Aicia observed that the average rate of visits to her website is 2 per day. The time interval in hours between two visits can be modelled by an exponential distribution with a cumulative function given below:F \left( t \right) = \begin{cases} 1-e^{-\frac{t}{k}}, & t \geq 0 \\ 0, & \text{otherwise} \end{cases}
Find k, the average number of hours between visits.
Calculate the probability of the time between two visits being less than 2 hours.
Calculate the probability of the time between two visits being more than 4 hours.
Calculate the median time m, rounded to two decimal places, between visits in hours.
The average number of defects in a 1 \text{ km} strip of optic fibre cable is 4. Consider the distance in metres between two defects.

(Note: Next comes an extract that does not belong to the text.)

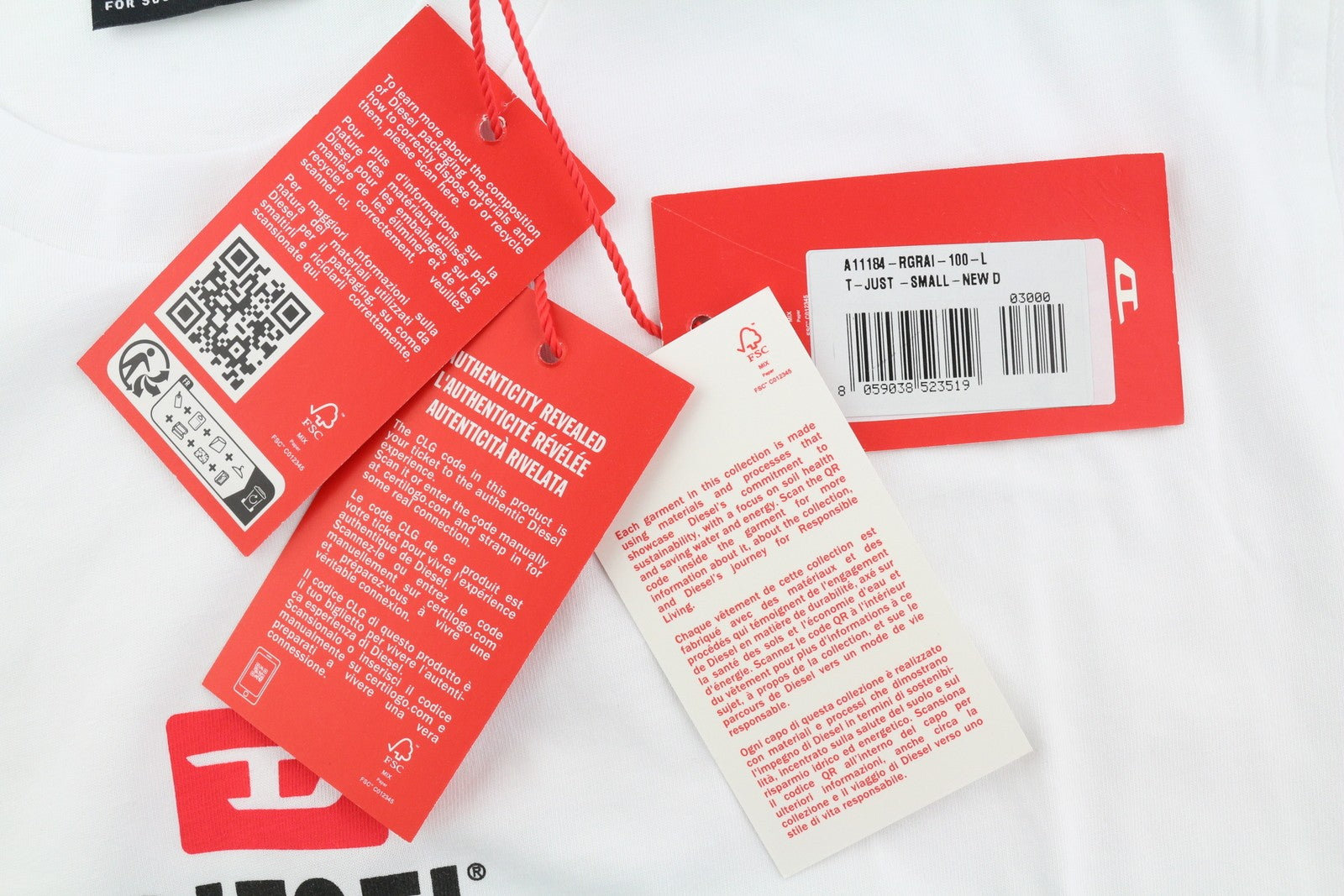 DIESEL T-Just-Small-New D Logo vyriški marškinėliai L dydžio, balti, trumpomis rankovėmis, medvilniniai

This situation can be modelled by an exponential distribution with a cumulative function given below:F\left(x\right) = \begin{cases} 1-e^{-\frac{x}{k}}, & x \geq 0 \\ 0, & \text{otherwise} \end{cases}
Calculate the median distance m, rounded to two decimal places, between defects in metres.
The price of a particular stock in dollars at the end of the day can be modelled by the following probability density function:f\left(x\right) = \begin{cases} \dfrac{1}{10}\left(1+\sin\left(\pi x-\dfrac{\pi}{2}\right)\right), & 0\leq x \leq 10 \\ 0, & \text{elsewhere} \end{cases}
The prices at the end of each day are independent. Find the probability that, out of 12 days, at least 5 of them saw a stock price exceeding \$4 at the end of the day. Round your answer to two decimal places.